NOTE: 这里遇到一个问题,发现混合精度训练之后GPU使用率只有20%不到,查找一番之后发现果然有issue,貌似对于DepthwiseConv2d的支持不好,可能要等到tf2.2之后才可以更新了。

代码

分布式训练的情况下不能直接使用var.assgin来更新变量,所以参考了tf.kerasbatchnorm写法进行内部的变量更新。但是tf2.1下的batchnorm中的滑动平均等变量目前还是无法支持多设备的同步,在tf2.2是实现了tf.keras.layers.experimental.SyncBatchNormalization,因为太麻烦我就没搞了。同时还有几个坑点,比如self.add_update需要放在call里面。对于谱归一化我没找到合适的参考,不知道是不是需要对training状态做出判别。。

import tensorflow as tf
k = tf.keras
K = tf.keras.backend
kl = tf.keras.layers
from tensorflow.python.ops import nn
from tensorflow.python.keras.engine.input_spec import InputSpec
from tensorflow.python.framework import tensor_shape
from tensorflow.python.ops import nn_ops
from tensorflow.python.ops import array_ops
from tensorflow.python.keras.utils import conv_utils, tf_utils
from tensorflow.python.ops import state_ops
from tensorflow.python.framework import ops
from tensorflow.python.keras.layers.convolutional import Conv


class InstanceNormalization(kl.Layer):
  """Instance Normalization Layer (https://arxiv.org/abs/1607.08022)."""

  def __init__(self, epsilon=1e-5):
    super(InstanceNormalization, self).__init__()
    self.epsilon = epsilon

  def build(self, input_shape):
    self.scale = self.add_weight(
        name='scale',
        shape=input_shape[-1:],
        initializer=tf.random_normal_initializer(1., 0.02),
        trainable=True)

    self.offset = self.add_weight(
        name='offset',
        shape=input_shape[-1:],
        initializer='zeros',
        trainable=True)

  def call(self, x):
    mean, variance = tf.nn.moments(x, axes=[1, 2], keepdims=True)
    inv = tf.math.rsqrt(variance + self.epsilon)
    normalized = (x-mean) * inv
    return self.scale * normalized + self.offset

  def get_config(self):
    config = {
        'epsilon': self.epsilon,
    }
    base_config = super().get_config()
    return dict(list(base_config.items()) + list(config.items()))

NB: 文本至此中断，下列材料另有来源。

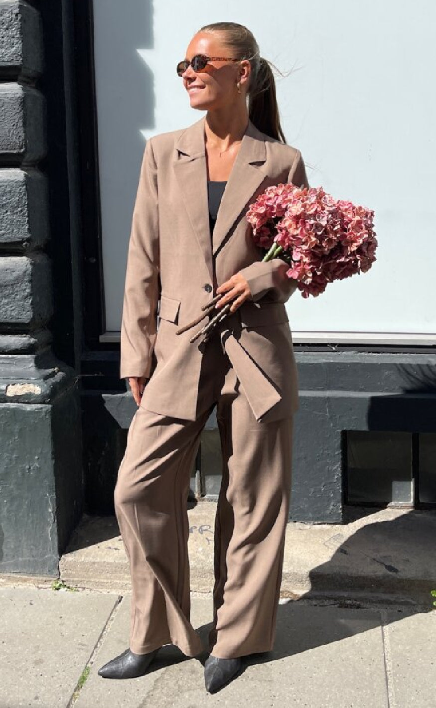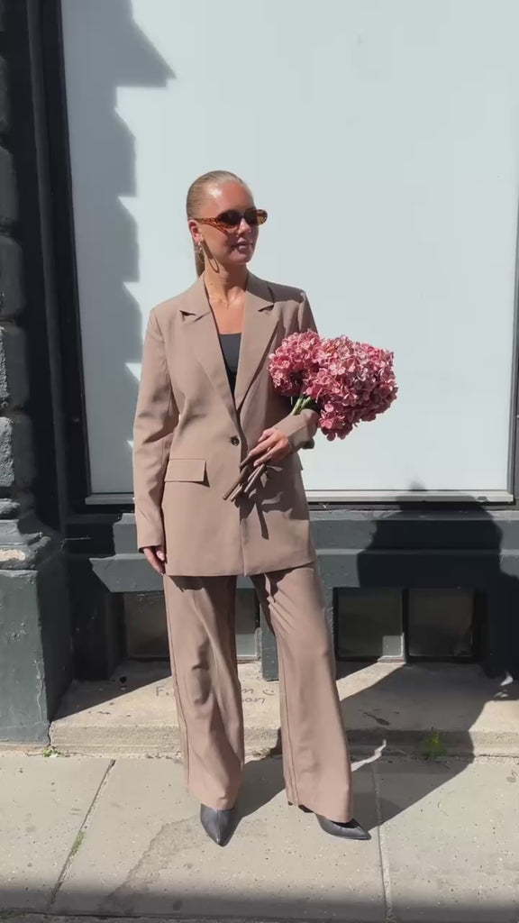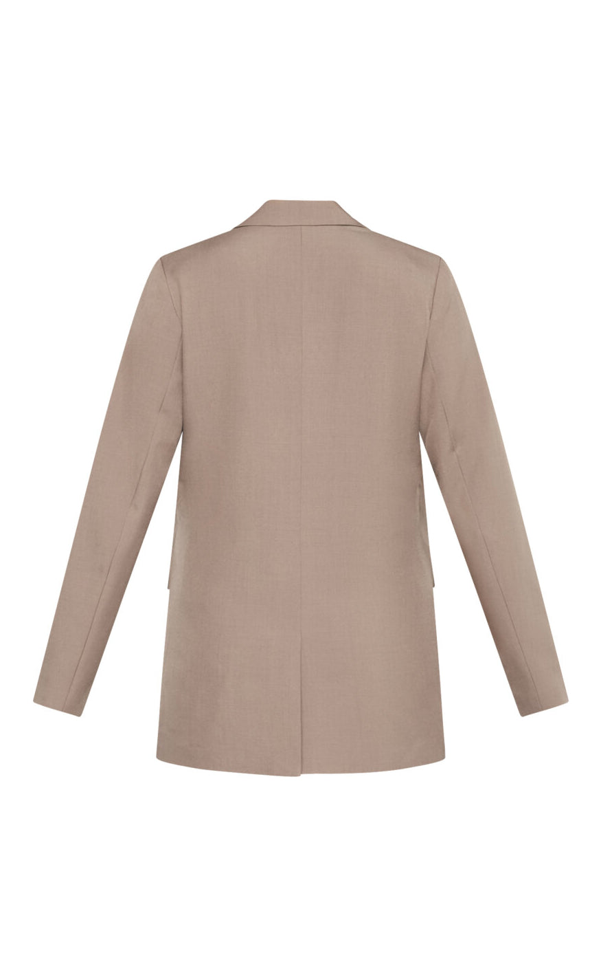 Blazeren er med reverskrave, knaplukning foran og tre pynteknapper på ærmerne og to lommer foran.

class ConvSpectralNormal(Conv):

  def build(self, input_shape):
    input_shape = tensor_shape.TensorShape(input_shape)
    input_channel = self._get_input_channel(input_shape)
    kernel_shape = self.kernel_size + (input_channel, self.filters)

    self.kernel = self.add_weight(
        name='kernel',
        shape=kernel_shape,
        initializer=self.kernel_initializer,
        regularizer=self.kernel_regularizer,
        constraint=self.kernel_constraint,
        trainable=True,
        dtype=self.dtype)

    try:
      # Disable variable partitioning when creating the variable
      if hasattr(self, '_scope') and self._scope:
        partitioner = self._scope.partitioner
        self._scope.set_partitioner(None)
      else:
        partitioner = None

      self.u = self.add_weight(
          name='sn_u',
          shape=(1, tf.reduce_prod(kernel_shape[:-1])),
          dtype=self.dtype,
          initializer=tf.keras.initializers.ones,
          synchronization=tf.VariableSynchronization.ON_READ,
          trainable=False,
          aggregation=tf.VariableAggregation.MEAN)
    finally:
      if partitioner:
        self._scope.set_partitioner(partitioner)

    if self.use_bias:
      self.bias = self.add_weight(
          name='bias',
          shape=(self.filters,),
          initializer=self.bias_initializer,
          regularizer=self.bias_regularizer,
          constraint=self.bias_constraint,
          trainable=True,
          dtype=self.dtype)
    else:
      self.bias = None
    channel_axis = self._get_channel_axis()
    self.input_spec = InputSpec(
        ndim=self.rank + 2, axes={channel_axis: input_channel})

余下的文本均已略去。